Antivirus companies have issued software updates and alerts about Bagle.Q, R, S, and T. The new versions of the worm, which first appeared in January, do not carry file attachments containing the virus. Instead, they use a months-old Microsoft Windows security hole to break into vulnerable machines, experts say.

"It's really nasty. Just previewing a message in an e-mail client could download the virus to your computer," says Graham Cluley, senior technology consultant at Sophos PLC in Abingdon, UK.

New Tactic

The security hole used by the worm is known as the Internet Explorer Object Data Remote Execution vulnerability, and concerns a problem with the way the Internet Explorer Web browser interprets Hypertext Transfer Protocol data. The vulnerability, MS03-032, was patched by the Redmond, Washington-based Microsoft in August 2003.

Previous versions of Bagle have shipped off copies of the virus as e-mail file attachments with .zip, .exe, and .scr extensions, among others.

Antivirus and antispam products can block the spread of such viruses by scanning incoming e-mail attachments, identifying the virus file by the name, size, and other telltale characteristics. By forgoing file attachments, the Bagle author has made it easier for the worm to slip by security products, Cluley says.

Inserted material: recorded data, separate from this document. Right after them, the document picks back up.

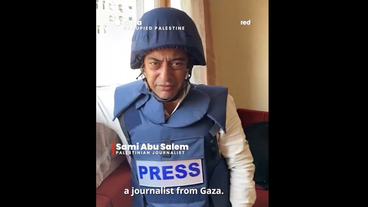 Watch Gaza journalist Sami Abu Salem reporting that "journalists in Gaza cannot work [...] because there is no safe place in Gaza. We can't do our work." – Israel's relentless bombing is razing Gaza to the ground and killing journalists, medics, and other civilian rescue personnel.
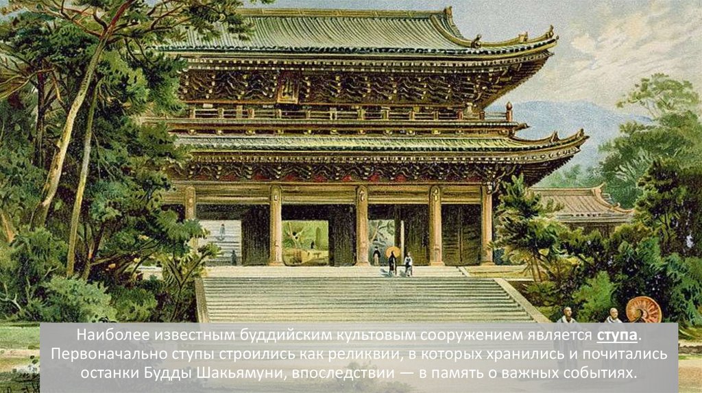 Наиболее известным буддийским культовым сооружением является ступа.Первоначально ступы строились как реликвии, в которых хранились и почитались
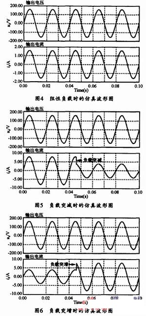 圖4給出了在輸入電壓為200V,額定負(fù)載分別為ZL=100Ω時的輸出電壓和輸出電流仿真波形;由圖4可見,輸出電壓頻率均能穩(wěn)定在50H z;圖5所示為負(fù)載突減時的仿真波形,其中突變部分是負(fù)載ZL=20Ω切換到ZL=40Ω時的輸出電壓、電流仿真波形;圖6為負(fù)載突增時的仿真波形,其中突變部分是負(fù)載ZL=40Ω切換到ZL=20Ω時的輸出電壓、電流仿真波形;通過以上仿真波形圖可知,該系統(tǒng)工作穩(wěn)定,靜態(tài)誤差小,并具有很強(qiáng)的魯棒型,同時,這種電流內(nèi)環(huán)電壓外環(huán)的雙閉環(huán)控制的動態(tài)響應(yīng)速度非???,因此可見,用該方法對該系統(tǒng)控制電路進(jìn)行設(shè)計是有效而可行的。
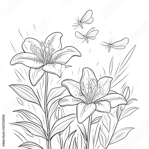 Vibrant Blooming Lilies and Dragonflies Serene Nature Image
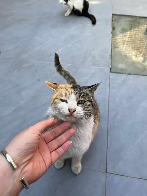 我看小叔留下了几块肉,吃完饭休息的时候,他从兜里掏出肉来,慢慢撕开小块,递给一直在旁边趴着的几只小猫。
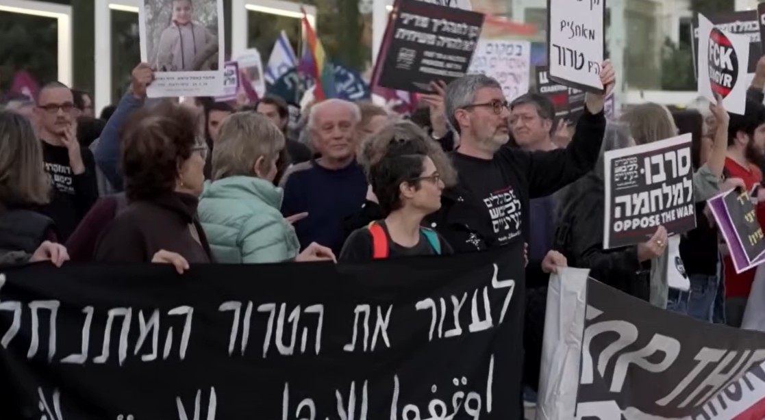 Manifestanții s-au strâns în piața din Tel Aviv, ținând pancarte pe care scria: „Nu bombardați – negociați! Puneți capăt războiului nesfârșit!” — în ciuda restricțiilor privind adunările publice impuse pe durata conflictului cu Iranul.
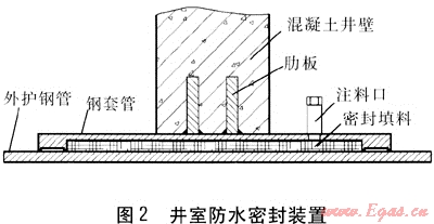 管道穿井室采用井室防水密封裝置,DN 600mm管道外管的外徑為1020mm,外管計(jì)算熱伸長(zhǎng)為185mm,如果外管與井壁采用止水環(huán)剛性連接,限制外管的位移,則外管對(duì)井室的推力將達(dá)到6200kN。采用傳統(tǒng)的柔性密封方式可靠性較差。解決這一問題的方法有兩個(gè):①外管加裝波紋管補(bǔ)償器,但又存在波紋管補(bǔ)償器長(zhǎng)期浸于水中檢修、維護(hù)問題。②外管與井壁連接處采用防水性能較為可靠的井室防水密封裝置,此裝置結(jié)構(gòu)與套筒補(bǔ)償器結(jié)構(gòu)相似,確保了井室整體的防水性。經(jīng)研究,在此工程中采用了井室防水密封裝置,通過專用注料器把密封填料通過注料口壓進(jìn)填料空腔,這樣在保證外管自由伸縮的同時(shí)也阻止水滲漏入井室。井室防水密封裝置見圖2。
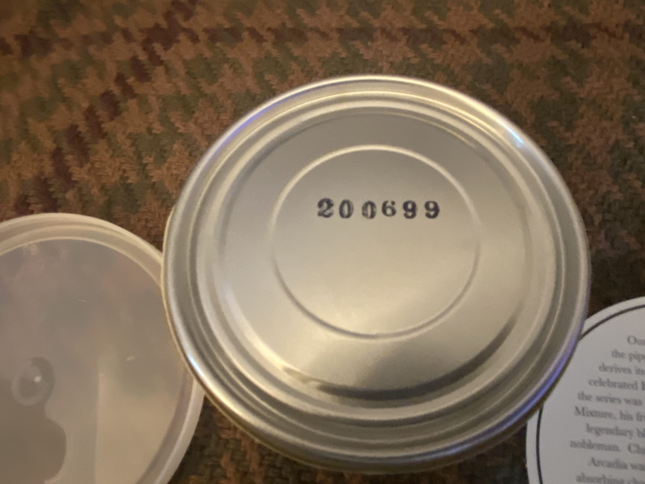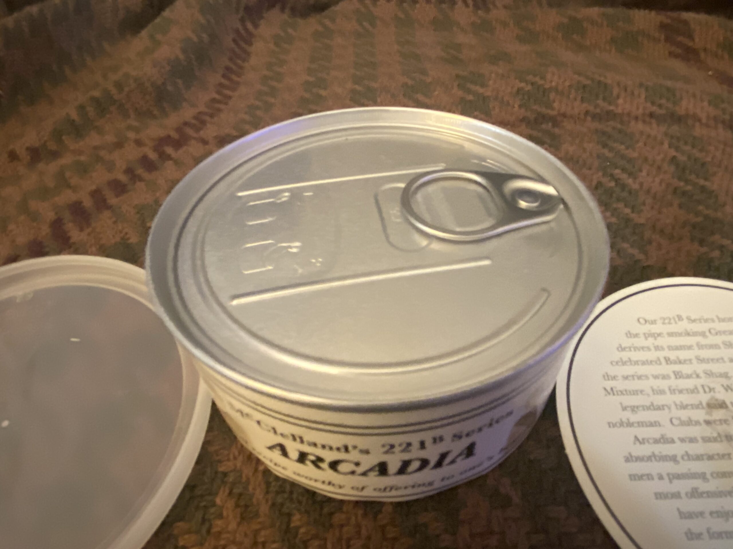 This collection is dwindling. Only one more can of Arcadia after this one. AGED and SEALED tin of McClelland Sherlock 221b series Arcadia. 1999 production. Well aged and ready to enjoy. Original advert included under the lid. Rare find of sealed out of production tobacco. Small dent in can on back label can be seen in pic - does not affect seal.
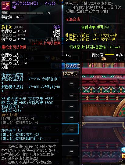 | 75 | 龙跃之战戟[4星] - 不灭战神 | *完成二次觉醒任务后可以从NPC小铁柱处获得此道具。 | ||
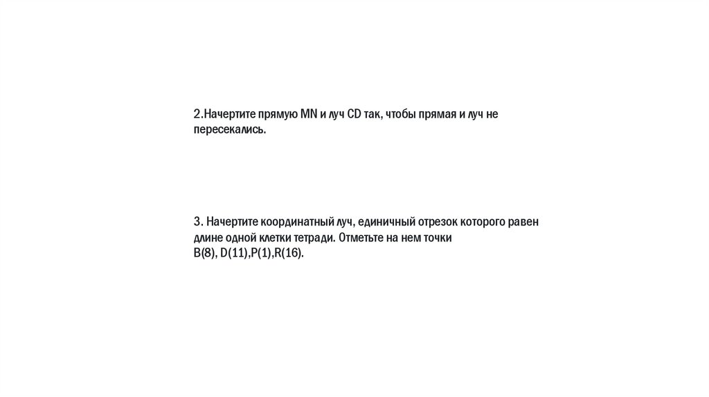 2.Начертите прямую MN и луч CD так, чтобы прямая и луч непересекались.
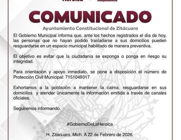 H. Zitácuaro Mich, 22 de febrero del 2026.- Gobierno de la Heroica pone a la orden de ciudadanos albergue.
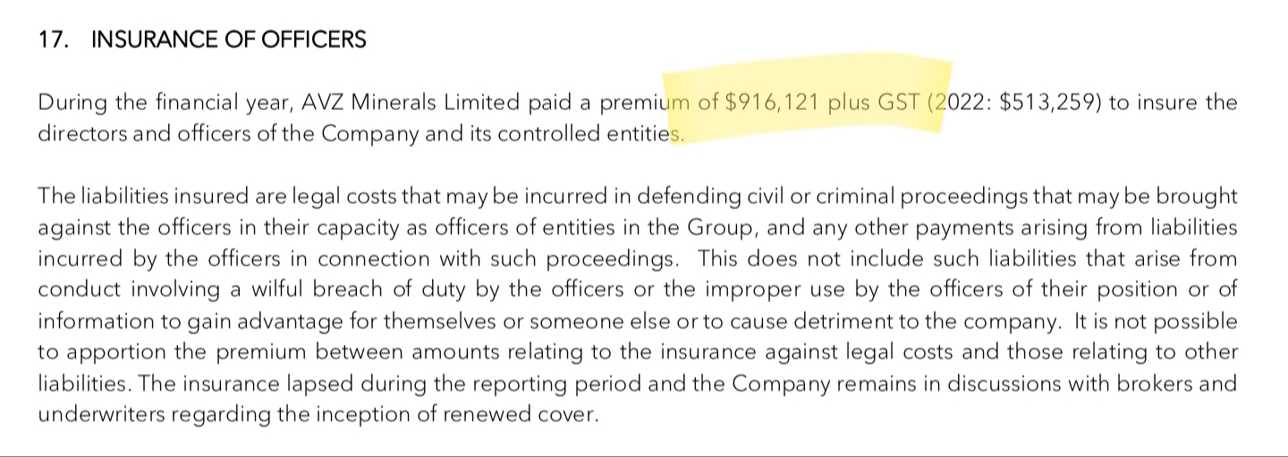 So on top of the 2.1m we are paying them we need to pay 1m inc gst to insure them. No doubt some of the premium increases are due to rising insurance costs generally but it doesn't fill me with confidence that the insurance company sees so much risk here.
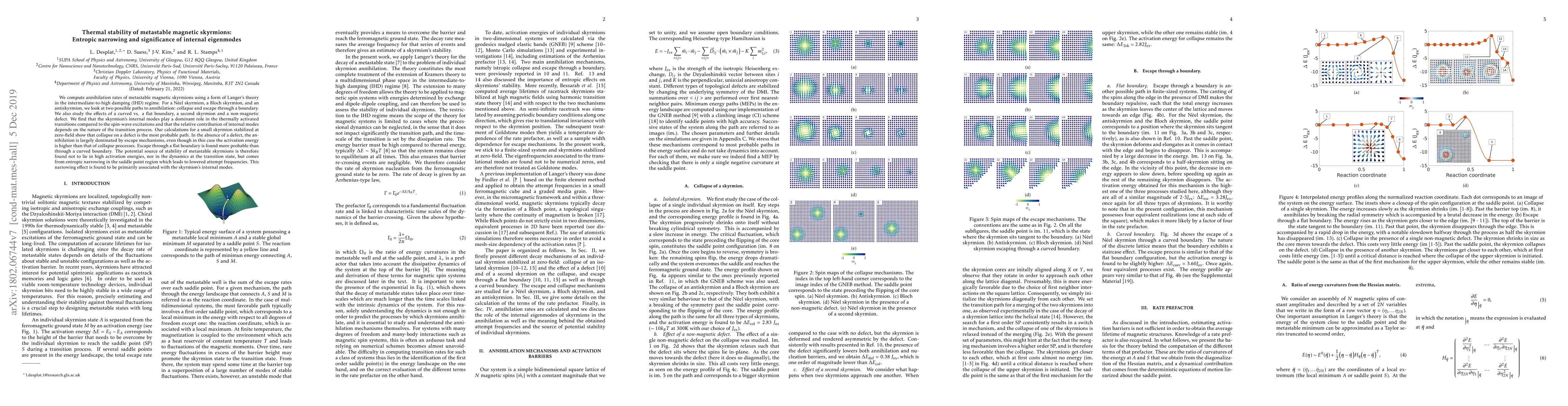 We compute annihilation rates of metastable magnetic skyrmions using a form of Langer's theory in the intermediate-to-high damping (IHD) regime. For a N\'eel skyrmion, a Bloch skyrmion, and an antiskyrmion, we look at two possible paths to annihilation: collapse and escape through a boundary. We also study the effects of a curved vs. a flat boundary, a second skyrmion and a non-magnetic defect. We find that the skyrmion's internal modes play a dominant role in the thermally activated transitions compared to the spin-wave excitations and that the relative contribution of internal modes depends on the nature of the transition process. Our calculations for a small skyrmion stabilized at zero-field show that collapse on a defect is the most probable path. In the absence of a defect, the annihilation is largely dominated by escape mechanisms, even though in this case the activation energy is higher than that of collapse processes. Escape through a flat boundary is found more probable than through a curved boundary. The potential source of stability of metastable skyrmions is therefore found not to lie in high activation energies, nor in the dynamics at the transition state, but comes from entropic narrowing in the saddle point region which leads to lowered attempt frequencies. This narrowing effect is found to be primarily associated with the skyrmion's internal modes.
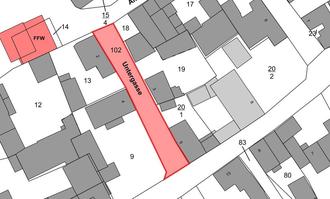 Die in der Gemeinde Schöffengrund, Ortsteil Laufdorf liegende Straße Untergasse - Flurstück 14/102/0 auf dem obigen Plan markiert - wird durch Beschluss der Gemeindevertretung vom 29.10.2020 nach § 4 des Hessischen Straßengesetzes (HStrG) als Gemeindestraße dem öffentlichen Verkehr gewidmet.

Like their predecessors, the new Bagle worms arrive in e-mail messages with faked sender addresses and vague subjects such as 'Re: Hello', 'Incoming message', 'Site changes', and 'Re: Hi'.

When opened or previewed on unpatched Windows systems, the Bagle e-mail message first downloads a computer script with a PHP extension from one of a number of predefined Web servers used by the virus author. After it is downloaded, that script runs and downloads, and then runs the actual worm file, says antivirus company F-Secure of Helsinki, Finland.

Fine-Tuned Threat

F-Secure researchers have passed the IP addresses of machines that are hosting the virus file to authorities who are shutting them down, according to Mikko Hyppönen, director of antivirus research at F-Secure.

The new Bagle variants prove that the author is continuing to experiment with new techniques to trick security products, says Cluley.

"There's a continuing evolution with Bagle. In the beginning there were regular attachments, then they switched to .zip files, then encrypted .zip files with passwords, then passwords stored in graphics files, and now this," he says.

The four new variants are closely related and may indicate some tinkering with the worm's code to fix problems, Cluley says. "There may be some bugs in the code that limited its success," he says.

Spreading Infection

Antivirus companies say that the Bagle.Q variant, the first in the latest batch, is the most widespread. F-Secure has rated Bagle.Q a Level 2 threat, indicating "large infections" within a specific region.

F-Secure has recorded infections in more than 20 countries from Bagle.Q, says Hyppönen.

Sophos has evidence of particularly heavy infections in South Korea, Cluley says.

Antivirus companies have posted software updates to detect the new Bagle variants. Computer users are also advised to apply the Microsoft patch, if they have not already done so, to protect against infection by the new Bagle variants.